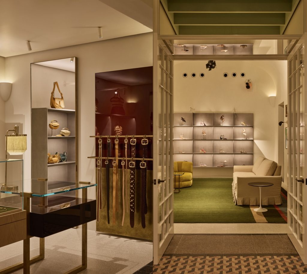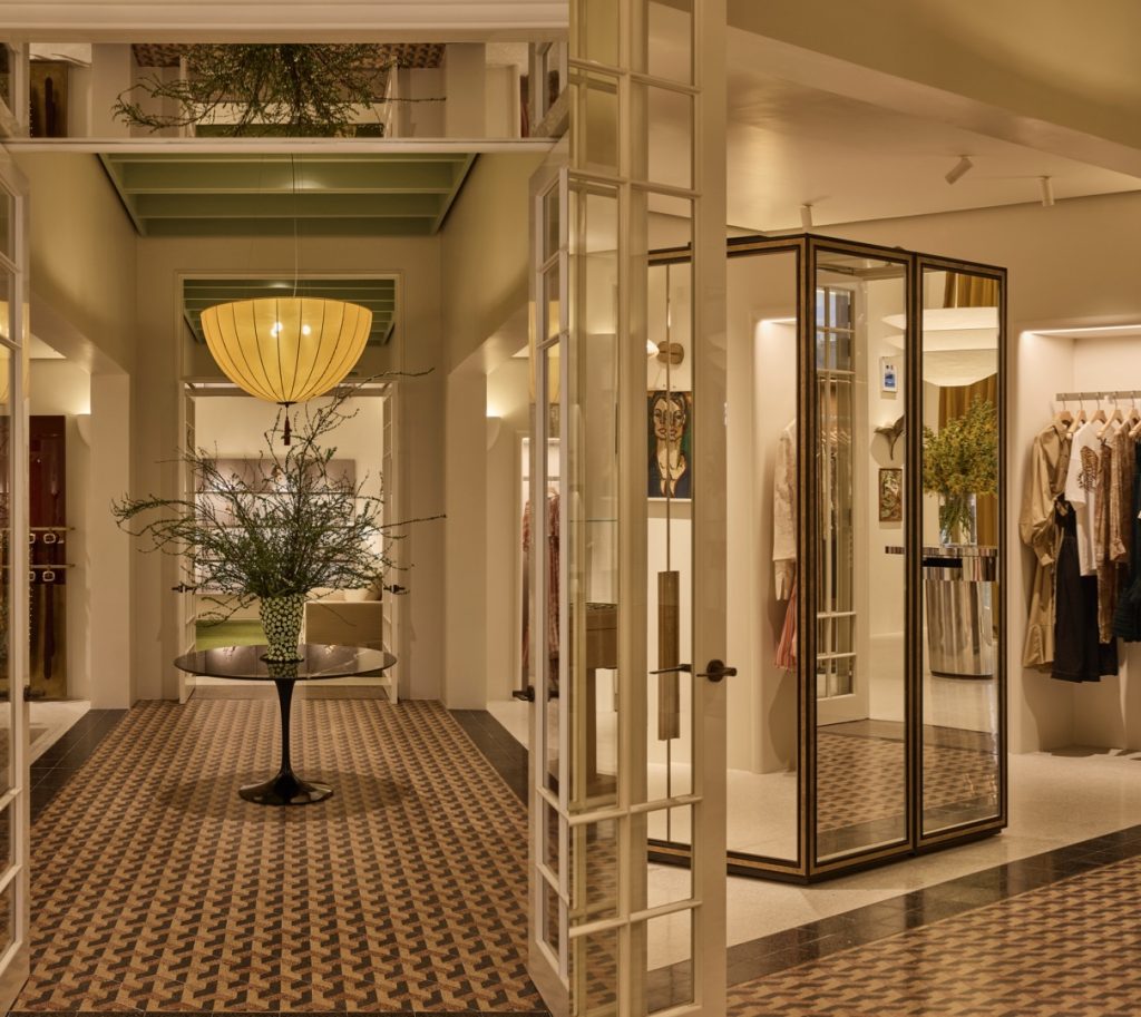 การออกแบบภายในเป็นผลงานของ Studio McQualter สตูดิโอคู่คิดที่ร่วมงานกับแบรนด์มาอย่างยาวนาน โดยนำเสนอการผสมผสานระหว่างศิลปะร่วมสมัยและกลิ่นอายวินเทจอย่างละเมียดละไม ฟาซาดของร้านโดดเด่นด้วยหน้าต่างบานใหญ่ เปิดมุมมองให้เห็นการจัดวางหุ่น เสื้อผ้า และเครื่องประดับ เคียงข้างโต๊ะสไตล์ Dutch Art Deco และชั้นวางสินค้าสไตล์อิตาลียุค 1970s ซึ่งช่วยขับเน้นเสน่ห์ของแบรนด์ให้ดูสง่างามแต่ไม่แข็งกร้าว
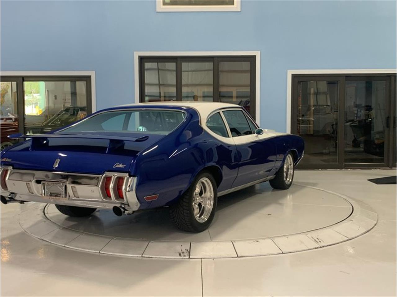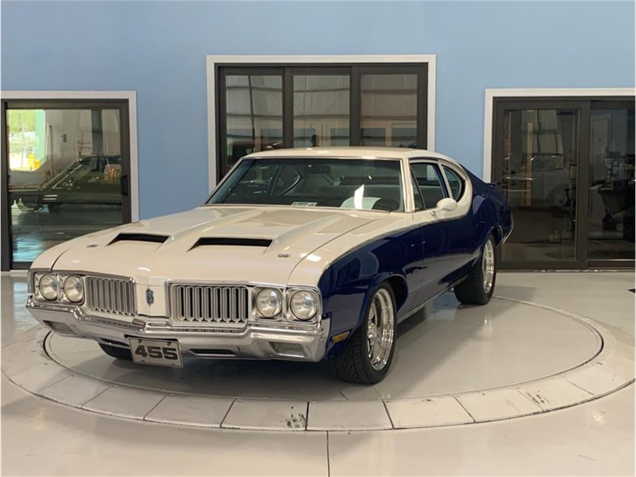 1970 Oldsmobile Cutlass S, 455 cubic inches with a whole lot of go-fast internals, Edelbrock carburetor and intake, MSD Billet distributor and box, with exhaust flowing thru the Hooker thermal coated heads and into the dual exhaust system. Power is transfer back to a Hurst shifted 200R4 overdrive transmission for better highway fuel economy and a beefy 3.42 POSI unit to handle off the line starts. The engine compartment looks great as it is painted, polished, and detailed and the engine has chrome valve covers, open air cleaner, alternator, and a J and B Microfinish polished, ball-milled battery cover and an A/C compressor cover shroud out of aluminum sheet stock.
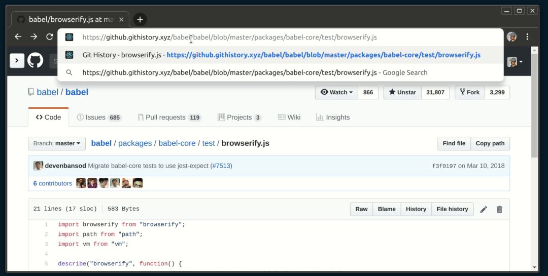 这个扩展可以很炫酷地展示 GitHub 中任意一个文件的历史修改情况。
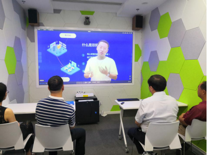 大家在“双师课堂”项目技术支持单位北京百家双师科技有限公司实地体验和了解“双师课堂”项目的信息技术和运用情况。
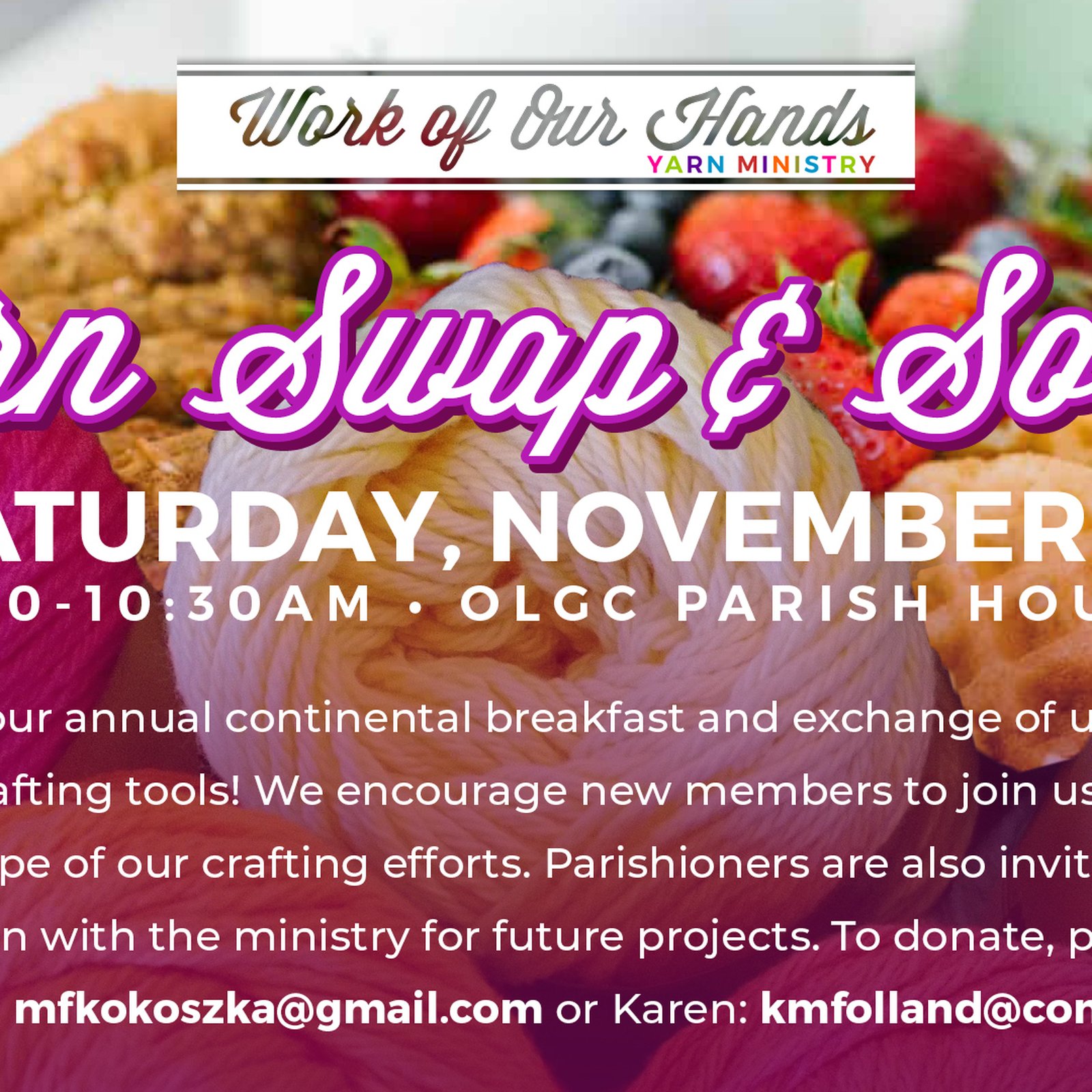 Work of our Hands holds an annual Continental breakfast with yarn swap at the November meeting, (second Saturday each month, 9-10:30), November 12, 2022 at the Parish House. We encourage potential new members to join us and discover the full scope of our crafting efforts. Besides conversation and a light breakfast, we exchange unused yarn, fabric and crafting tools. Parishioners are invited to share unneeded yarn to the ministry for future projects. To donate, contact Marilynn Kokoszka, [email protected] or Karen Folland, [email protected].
◇ ◇ ◇ ◇ ◇ ◇ ◇
#### [To do]
Your copy must consist solely of the lines from the one containing "这个扩展可以很炫酷地展示 GitHub 中任意一个文件的历史修改情况。" through the final line of the material above, transcribed exactly, with the pictures left out.

#### [Worked solution]
 这个扩展可以很炫酷地展示 GitHub 中任意一个文件的历史修改情况。
 大家在“双师课堂”项目技术支持单位北京百家双师科技有限公司实地体验和了解“双师课堂”项目的信息技术和运用情况。
 Work of our Hands holds an annual Continental breakfast with yarn swap at the November meeting, (second Saturday each month, 9-10:30), November 12, 2022 at the Parish House. We encourage potential new members to join us and discover the full scope of our crafting efforts. Besides conversation and a light breakfast, we exchange unused yarn, fabric and crafting tools. Parishioners are invited to share unneeded yarn to the ministry for future projects. To donate, contact Marilynn Kokoszka, [email protected] or Karen Folland, [email protected].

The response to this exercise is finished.